## WHAT THE TASK ASKS
The entries below should be written out again exactly as they stand.

Records from a data collection
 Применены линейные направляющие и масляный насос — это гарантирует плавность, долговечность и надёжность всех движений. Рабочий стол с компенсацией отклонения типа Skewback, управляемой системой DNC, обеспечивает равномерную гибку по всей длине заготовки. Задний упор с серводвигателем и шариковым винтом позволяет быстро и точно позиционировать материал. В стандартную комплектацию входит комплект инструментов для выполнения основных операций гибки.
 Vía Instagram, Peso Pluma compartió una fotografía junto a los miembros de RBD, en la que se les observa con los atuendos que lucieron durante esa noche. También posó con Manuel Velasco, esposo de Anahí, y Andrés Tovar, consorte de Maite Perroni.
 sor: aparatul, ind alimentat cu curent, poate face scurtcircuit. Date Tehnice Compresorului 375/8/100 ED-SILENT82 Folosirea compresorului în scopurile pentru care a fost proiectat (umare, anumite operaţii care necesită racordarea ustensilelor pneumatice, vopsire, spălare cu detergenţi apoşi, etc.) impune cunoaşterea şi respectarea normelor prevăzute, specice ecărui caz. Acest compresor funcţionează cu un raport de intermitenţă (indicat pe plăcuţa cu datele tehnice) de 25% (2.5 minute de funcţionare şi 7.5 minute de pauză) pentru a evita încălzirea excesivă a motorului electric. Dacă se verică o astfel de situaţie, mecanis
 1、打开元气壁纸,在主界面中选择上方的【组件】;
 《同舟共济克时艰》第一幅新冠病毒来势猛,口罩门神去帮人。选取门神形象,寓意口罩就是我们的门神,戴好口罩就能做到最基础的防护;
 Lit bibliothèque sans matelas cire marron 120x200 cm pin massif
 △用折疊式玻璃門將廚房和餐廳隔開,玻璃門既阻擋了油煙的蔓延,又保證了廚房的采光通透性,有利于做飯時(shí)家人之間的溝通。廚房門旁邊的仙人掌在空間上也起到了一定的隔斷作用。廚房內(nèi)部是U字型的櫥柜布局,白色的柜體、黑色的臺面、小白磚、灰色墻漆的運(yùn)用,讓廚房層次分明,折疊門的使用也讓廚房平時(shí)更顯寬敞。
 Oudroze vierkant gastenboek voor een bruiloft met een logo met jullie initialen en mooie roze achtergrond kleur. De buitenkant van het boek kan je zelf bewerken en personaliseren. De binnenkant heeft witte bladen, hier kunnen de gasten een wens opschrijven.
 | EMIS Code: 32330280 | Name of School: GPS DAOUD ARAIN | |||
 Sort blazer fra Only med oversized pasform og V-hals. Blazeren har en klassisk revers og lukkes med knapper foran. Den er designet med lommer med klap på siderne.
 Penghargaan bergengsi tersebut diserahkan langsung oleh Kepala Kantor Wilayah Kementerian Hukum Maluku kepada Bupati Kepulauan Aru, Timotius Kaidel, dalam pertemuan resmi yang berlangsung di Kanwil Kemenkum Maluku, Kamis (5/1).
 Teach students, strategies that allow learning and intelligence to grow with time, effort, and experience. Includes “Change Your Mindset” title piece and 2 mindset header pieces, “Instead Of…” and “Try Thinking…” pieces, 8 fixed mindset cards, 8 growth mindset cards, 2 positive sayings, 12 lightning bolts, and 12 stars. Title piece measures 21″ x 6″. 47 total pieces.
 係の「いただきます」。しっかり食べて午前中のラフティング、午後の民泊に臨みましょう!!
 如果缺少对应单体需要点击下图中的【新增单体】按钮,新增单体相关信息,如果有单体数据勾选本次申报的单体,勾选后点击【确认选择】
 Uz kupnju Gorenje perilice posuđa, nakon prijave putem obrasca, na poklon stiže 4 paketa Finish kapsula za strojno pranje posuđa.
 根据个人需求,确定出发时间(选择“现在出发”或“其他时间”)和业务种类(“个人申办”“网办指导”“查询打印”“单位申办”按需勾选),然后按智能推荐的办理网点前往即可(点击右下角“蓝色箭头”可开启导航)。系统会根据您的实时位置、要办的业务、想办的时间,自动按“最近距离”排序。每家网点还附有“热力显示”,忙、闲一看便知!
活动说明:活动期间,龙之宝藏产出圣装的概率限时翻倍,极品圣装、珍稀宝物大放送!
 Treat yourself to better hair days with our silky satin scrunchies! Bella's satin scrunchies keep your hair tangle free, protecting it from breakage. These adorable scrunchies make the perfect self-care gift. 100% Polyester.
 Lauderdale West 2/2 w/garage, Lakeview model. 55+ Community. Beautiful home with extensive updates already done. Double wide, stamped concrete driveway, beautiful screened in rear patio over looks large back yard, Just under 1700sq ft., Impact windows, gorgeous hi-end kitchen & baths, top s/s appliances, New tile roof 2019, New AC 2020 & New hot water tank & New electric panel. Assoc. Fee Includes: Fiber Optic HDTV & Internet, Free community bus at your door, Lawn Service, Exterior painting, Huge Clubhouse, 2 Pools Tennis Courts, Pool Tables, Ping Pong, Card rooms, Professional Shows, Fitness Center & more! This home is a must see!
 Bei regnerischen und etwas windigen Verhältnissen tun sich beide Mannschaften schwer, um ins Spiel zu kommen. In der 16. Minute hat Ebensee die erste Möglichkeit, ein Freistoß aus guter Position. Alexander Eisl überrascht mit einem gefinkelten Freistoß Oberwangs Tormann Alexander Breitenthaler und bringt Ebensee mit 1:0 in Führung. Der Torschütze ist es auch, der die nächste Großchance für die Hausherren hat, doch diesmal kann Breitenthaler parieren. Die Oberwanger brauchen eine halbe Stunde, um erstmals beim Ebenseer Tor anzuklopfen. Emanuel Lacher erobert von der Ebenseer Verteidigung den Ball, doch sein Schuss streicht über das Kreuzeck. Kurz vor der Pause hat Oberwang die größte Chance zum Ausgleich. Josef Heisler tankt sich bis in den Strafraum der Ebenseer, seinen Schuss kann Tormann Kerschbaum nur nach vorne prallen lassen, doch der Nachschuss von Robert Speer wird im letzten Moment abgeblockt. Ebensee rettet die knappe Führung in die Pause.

## COMPLETED TASK
 Применены линейные направляющие и масляный насос — это гарантирует плавность, долговечность и надёжность всех движений. Рабочий стол с компенсацией отклонения типа Skewback, управляемой системой DNC, обеспечивает равномерную гибку по всей длине заготовки. Задний упор с серводвигателем и шариковым винтом позволяет быстро и точно позиционировать материал. В стандартную комплектацию входит комплект инструментов для выполнения основных операций гибки.
 Vía Instagram, Peso Pluma compartió una fotografía junto a los miembros de RBD, en la que se les observa con los atuendos que lucieron durante esa noche. También posó con Manuel Velasco, esposo de Anahí, y Andrés Tovar, consorte de Maite Perroni.
 sor: aparatul, ind alimentat cu curent, poate face scurtcircuit. Date Tehnice Compresorului 375/8/100 ED-SILENT82 Folosirea compresorului în scopurile pentru care a fost proiectat (umare, anumite operaţii care necesită racordarea ustensilelor pneumatice, vopsire, spălare cu detergenţi apoşi, etc.) impune cunoaşterea şi respectarea normelor prevăzute, specice ecărui caz. Acest compresor funcţionează cu un raport de intermitenţă (indicat pe plăcuţa cu datele tehnice) de 25% (2.5 minute de funcţionare şi 7.5 minute de pauză) pentru a evita încălzirea excesivă a motorului electric. Dacă se verică o astfel de situaţie, mecanis
 1、打开元气壁纸,在主界面中选择上方的【组件】;
 《同舟共济克时艰》第一幅新冠病毒来势猛,口罩门神去帮人。选取门神形象,寓意口罩就是我们的门神,戴好口罩就能做到最基础的防护;
 Lit bibliothèque sans matelas cire marron 120x200 cm pin massif
 △用折疊式玻璃門將廚房和餐廳隔開,玻璃門既阻擋了油煙的蔓延,又保證了廚房的采光通透性,有利于做飯時(shí)家人之間的溝通。廚房門旁邊的仙人掌在空間上也起到了一定的隔斷作用。廚房內(nèi)部是U字型的櫥柜布局,白色的柜體、黑色的臺面、小白磚、灰色墻漆的運(yùn)用,讓廚房層次分明,折疊門的使用也讓廚房平時(shí)更顯寬敞。
 Oudroze vierkant gastenboek voor een bruiloft met een logo met jullie initialen en mooie roze achtergrond kleur. De buitenkant van het boek kan je zelf bewerken en personaliseren. De binnenkant heeft witte bladen, hier kunnen de gasten een wens opschrijven.
 | EMIS Code: 32330280 | Name of School: GPS DAOUD ARAIN | |||
 Sort blazer fra Only med oversized pasform og V-hals. Blazeren har en klassisk revers og lukkes med knapper foran. Den er designet med lommer med klap på siderne.
 Penghargaan bergengsi tersebut diserahkan langsung oleh Kepala Kantor Wilayah Kementerian Hukum Maluku kepada Bupati Kepulauan Aru, Timotius Kaidel, dalam pertemuan resmi yang berlangsung di Kanwil Kemenkum Maluku, Kamis (5/1).
 Teach students, strategies that allow learning and intelligence to grow with time, effort, and experience. Includes “Change Your Mindset” title piece and 2 mindset header pieces, “Instead Of…” and “Try Thinking…” pieces, 8 fixed mindset cards, 8 growth mindset cards, 2 positive sayings, 12 lightning bolts, and 12 stars. Title piece measures 21″ x 6″. 47 total pieces.
 係の「いただきます」。しっかり食べて午前中のラフティング、午後の民泊に臨みましょう!!
 如果缺少对应单体需要点击下图中的【新增单体】按钮,新增单体相关信息,如果有单体数据勾选本次申报的单体,勾选后点击【确认选择】
 Uz kupnju Gorenje perilice posuđa, nakon prijave putem obrasca, na poklon stiže 4 paketa Finish kapsula za strojno pranje posuđa.
 根据个人需求,确定出发时间(选择“现在出发”或“其他时间”)和业务种类(“个人申办”“网办指导”“查询打印”“单位申办”按需勾选),然后按智能推荐的办理网点前往即可(点击右下角“蓝色箭头”可开启导航)。系统会根据您的实时位置、要办的业务、想办的时间,自动按“最近距离”排序。每家网点还附有“热力显示”,忙、闲一看便知!
活动说明:活动期间,龙之宝藏产出圣装的概率限时翻倍,极品圣装、珍稀宝物大放送!
 Treat yourself to better hair days with our silky satin scrunchies! Bella's satin scrunchies keep your hair tangle free, protecting it from breakage. These adorable scrunchies make the perfect self-care gift. 100% Polyester.
 Lauderdale West 2/2 w/garage, Lakeview model. 55+ Community. Beautiful home with extensive updates already done. Double wide, stamped concrete driveway, beautiful screened in rear patio over looks large back yard, Just under 1700sq ft., Impact windows, gorgeous hi-end kitchen & baths, top s/s appliances, New tile roof 2019, New AC 2020 & New hot water tank & New electric panel. Assoc. Fee Includes: Fiber Optic HDTV & Internet, Free community bus at your door, Lawn Service, Exterior painting, Huge Clubhouse, 2 Pools Tennis Courts, Pool Tables, Ping Pong, Card rooms, Professional Shows, Fitness Center & more! This home is a must see!
 Bei regnerischen und etwas windigen Verhältnissen tun sich beide Mannschaften schwer, um ins Spiel zu kommen. In der 16. Minute hat Ebensee die erste Möglichkeit, ein Freistoß aus guter Position. Alexander Eisl überrascht mit einem gefinkelten Freistoß Oberwangs Tormann Alexander Breitenthaler und bringt Ebensee mit 1:0 in Führung. Der Torschütze ist es auch, der die nächste Großchance für die Hausherren hat, doch diesmal kann Breitenthaler parieren. Die Oberwanger brauchen eine halbe Stunde, um erstmals beim Ebenseer Tor anzuklopfen. Emanuel Lacher erobert von der Ebenseer Verteidigung den Ball, doch sein Schuss streicht über das Kreuzeck. Kurz vor der Pause hat Oberwang die größte Chance zum Ausgleich. Josef Heisler tankt sich bis in den Strafraum der Ebenseer, seinen Schuss kann Tormann Kerschbaum nur nach vorne prallen lassen, doch der Nachschuss von Robert Speer wird im letzten Moment abgeblockt. Ebensee rettet die knappe Führung in die Pause.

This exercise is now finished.